I’ve shared quite a few images of shipwrecks lately. As an underwater photographer I am fascinated by these lumps of rusting metal, and the way that marine life finds and slowly colonizes them, creating incredible biodiversity hotspots. Many of these artificial reefs have become as rich and teeming with life as the sea floor and reefs around them. The shipwrecks teach us a good chemistry lesson: iron and steel endures, wood does not.
It has been almost ten years since I last dove on this little Greek fishing vessel, a type of boat called a kaiki that has fallen out of favor, but was once the workhorse of the Greek fishing fleet.
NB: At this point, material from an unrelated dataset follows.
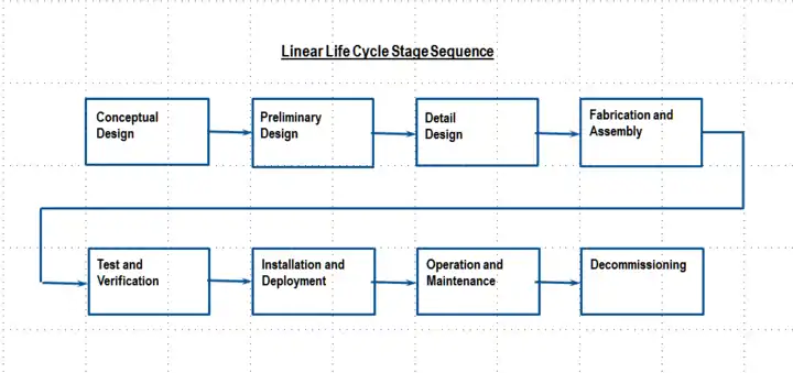 Complex systems evolve through a Life Cycle much the way living things do, from conception to disposal. The life cycle is divided into a number of stages where different tasks are performed (Figure 1.5-3). The design stages (the first three boxes in the figure) can be organized in different ways depending on the nature of the system. These include linear, parallel, spiral, or closed loop sequences, or some mixture of these. The illustration shows a typical linear sequence. A spiral process repeats stages in increasing detail, while a closed loop repeats at the same level of detail. Beyond the design stages, the process is more typically linear from production, through test, installation, operation, and retirement.

I would expect that the bulk of the ship had long since vanished, consumed by Teredo worms, the “termites of the sea”. Also called shipworms, Teredo worms are actually bivalve mollusks that bore into timber, often with catastrophic consequences for traditional timber-built vessels.
In this case the worms, and presumably plenty of other marine organisms, have yet to make an impact and the wreck is intact and interesting to explore. In some areas, coraline algae and other encrusting life has begun to take over, such as on the ship’s wheel.
Some wooden shipwrecks remain where anoxic conditions allow; this is common when the timbers are buried in sediment, but besides that, large timber wrecks are rare, and only survive in very specific environments, which is why we find lots of anchors (see main image) and little else to indicate the presence of a wooden wreck.